Untamed is a non-fiction look into the fiction reality of Wolverine, aka. Logan aka. James. It delves into the psychology of the character including the comics and the films Wolverine is in.

WARNING: This book can be triggering as it talks about abuse, assault and many other subjects that may be sensitive.

Untamed explores the development and life of the Wolverine, a famous Marvel character who is more a vigilante than a hero.

The author had clearly done their research and spoken to many of the creators involved in the story of the Wolverine as there were so many facts I didn’t know (and I consider myself a big fan of Wolverine) that were very interesting and thought provoking.

The part I liked the most is the relation between mutants coming out as having abilities and people from the LGBT+ community coming out as it’s true, when you watch back Xmen 2, you see the struggle when Bobby tells his parents he’s a mutant and their reactions.

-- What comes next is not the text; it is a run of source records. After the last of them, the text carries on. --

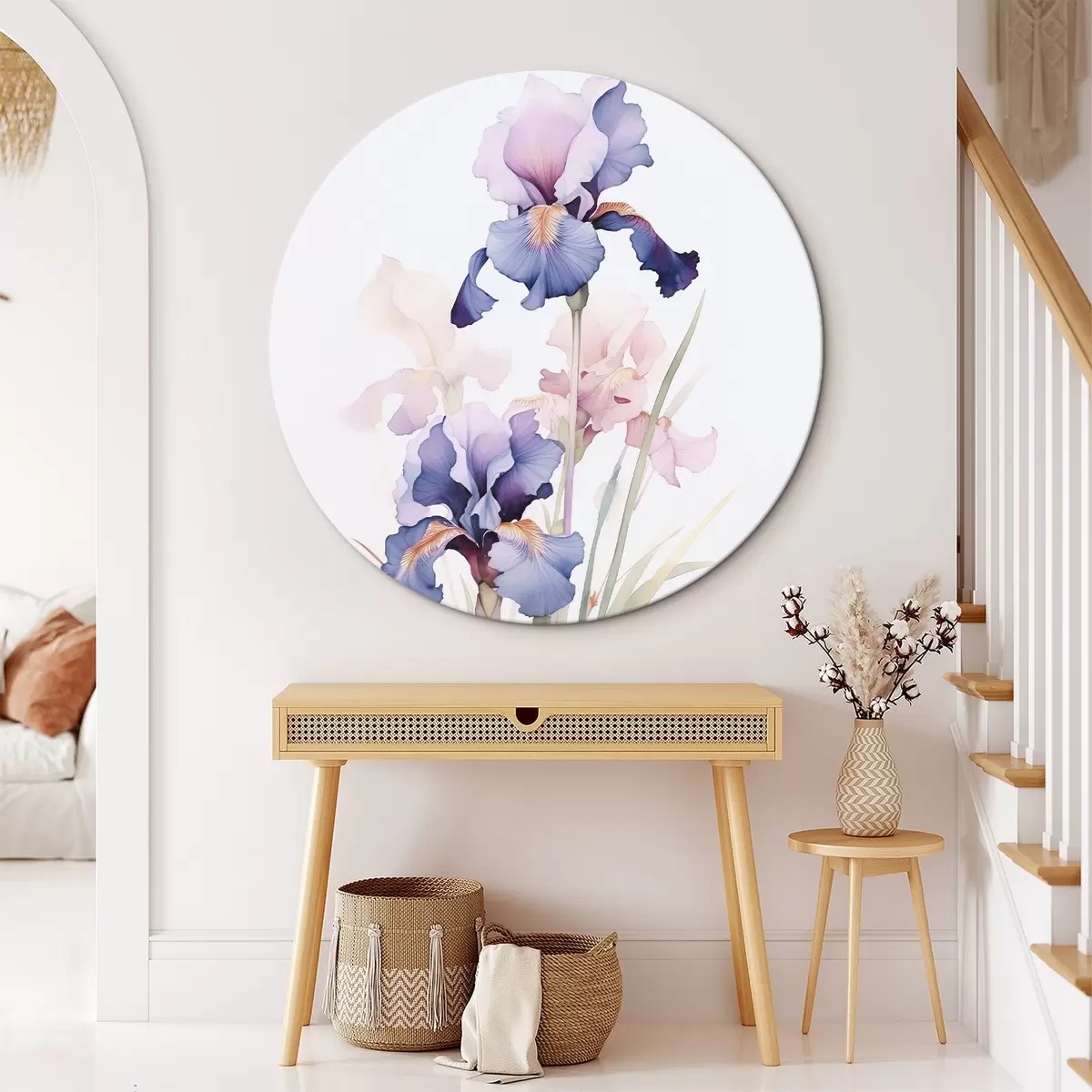 Okrągły obraz Irysy imitujące akwarelę Nr r45762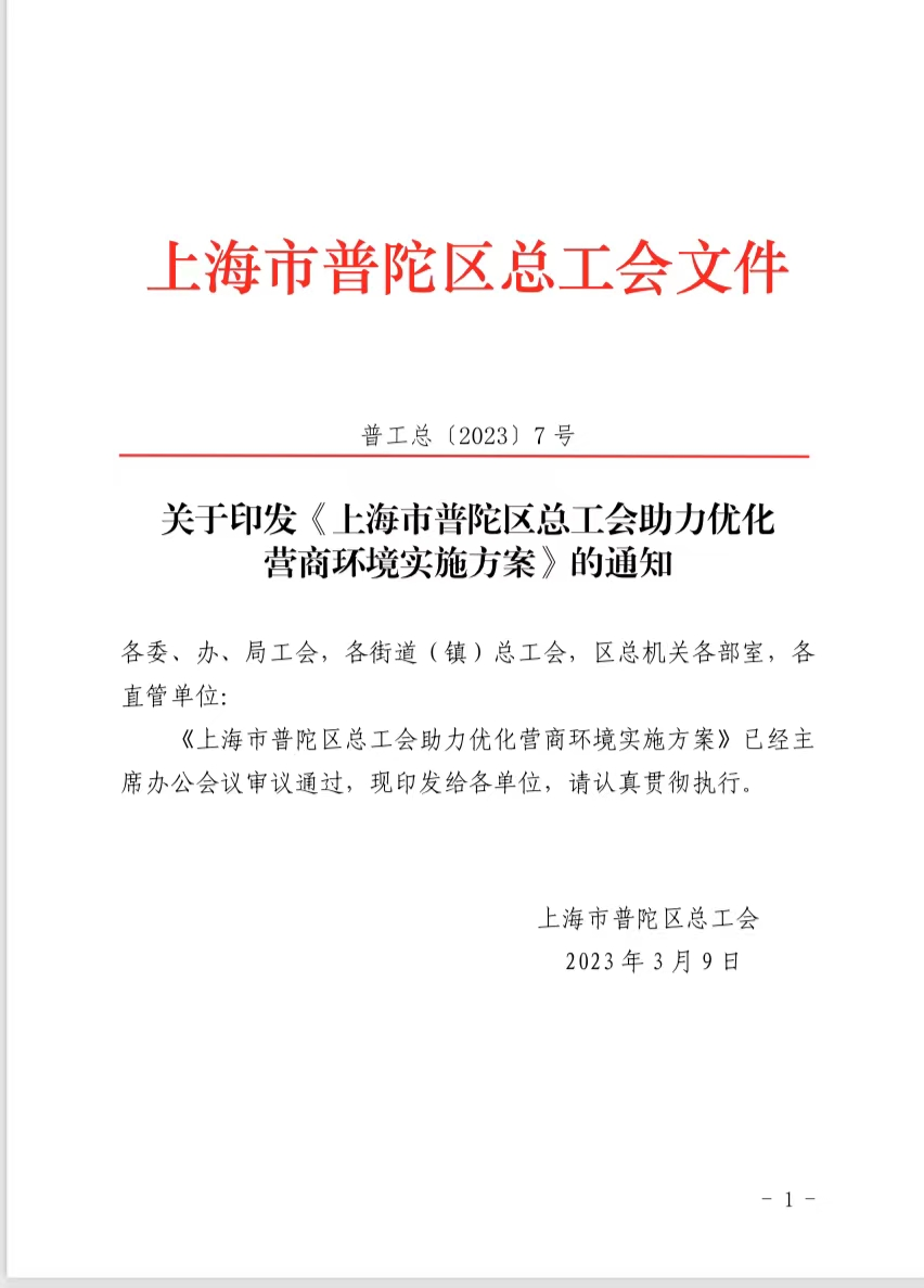 上海市普陀区总工会助力优化营商环境实施方案
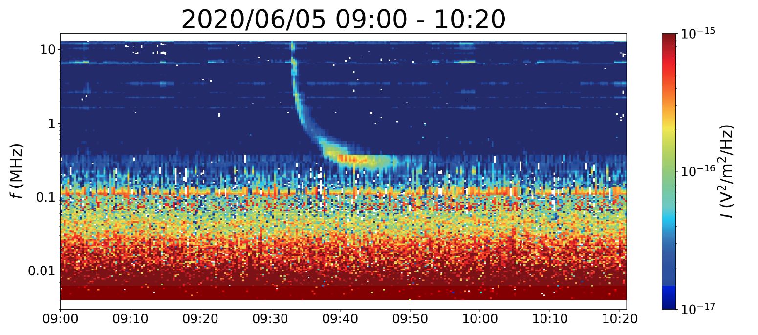 La figure ci-dessous montre un des tout premiers Type III observés par RPW, le 6 MaI 2020. A cette période, Solar Orbiter était déjà situé à la moitié de la distance Soleil-Terre. Le sursaut observé commence vers 09:33 UT, lorsque les électrons énergétiques sont encore dans l’atmosphère externe du Soleil et s’arrêtent vers 09:47 UT, lorsque les électrons ont parcouru de l’ordre de 40 rayons solaires.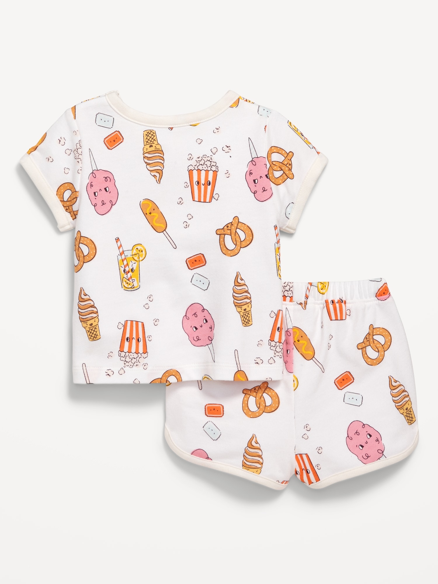 Printed French-Terry Ringer T-Shirt and Shorts Set for Baby: crew neck with buttons at shoulder, dolman sleeves, front graphic, functional elastic-drawstring waist shorts, available exclusively online and at old navy outlets, #766737

It does sometimes have a textbook feel to it, which wasn’t necessary a completely bad thing but I felt because the author was talking about this amazing character and this complicated world, the book could have had a bit more stylistic writing in it.

I like how the author didn’t just talk about the comics but also the films in relation to each other and the differences. It was a nice tie-in and showed that the author is a fan.

The book ties in well to the end of Hugh Jackson playing Wolverine – it’s a shame he isn’t in the Avengers film.

Reading this makes me really want to go back and watch all of the Xmen films again.

Three stars on Goodreads.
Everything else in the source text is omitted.